**RECORDS PROVIDED:**
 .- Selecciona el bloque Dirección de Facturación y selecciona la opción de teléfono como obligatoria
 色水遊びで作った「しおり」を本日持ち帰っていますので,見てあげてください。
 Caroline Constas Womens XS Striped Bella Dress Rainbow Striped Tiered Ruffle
--
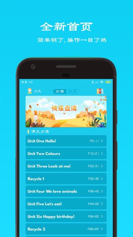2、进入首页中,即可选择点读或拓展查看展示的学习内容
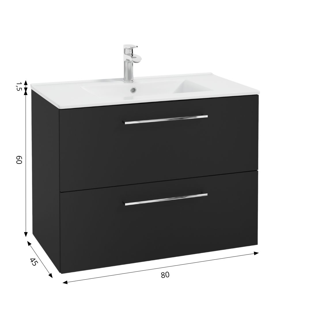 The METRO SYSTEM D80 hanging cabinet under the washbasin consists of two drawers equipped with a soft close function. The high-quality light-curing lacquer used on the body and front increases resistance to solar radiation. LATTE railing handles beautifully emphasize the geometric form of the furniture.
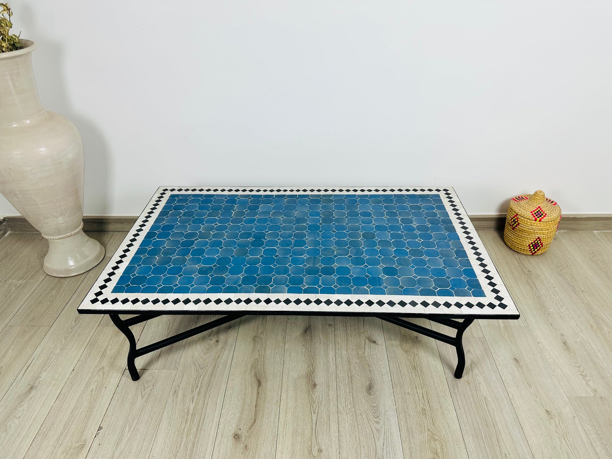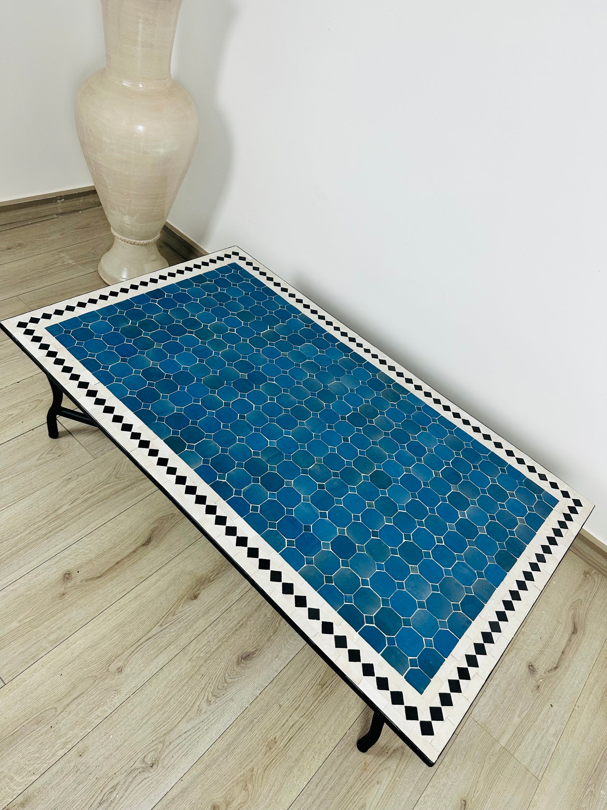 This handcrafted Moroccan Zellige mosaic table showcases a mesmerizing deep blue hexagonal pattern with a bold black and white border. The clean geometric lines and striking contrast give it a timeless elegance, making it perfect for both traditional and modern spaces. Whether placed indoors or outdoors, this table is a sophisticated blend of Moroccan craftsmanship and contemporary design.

**WORK ITEM:** Above are the records; please give again, exactly and in full, only the lines that run from the line with "The METRO SYSTEM" through the line with "This handcrafted Moroccan", with no pictures.

**ANSWER SPACE:**
 The METRO SYSTEM D80 hanging cabinet under the washbasin consists of two drawers equipped with a soft close function. The high-quality light-curing lacquer used on the body and front increases resistance to solar radiation. LATTE railing handles beautifully emphasize the geometric form of the furniture.
 This handcrafted Moroccan Zellige mosaic table showcases a mesmerizing deep blue hexagonal pattern with a bold black and white border. The clean geometric lines and striking contrast give it a timeless elegance, making it perfect for both traditional and modern spaces. Whether placed indoors or outdoors, this table is a sophisticated blend of Moroccan craftsmanship and contemporary design.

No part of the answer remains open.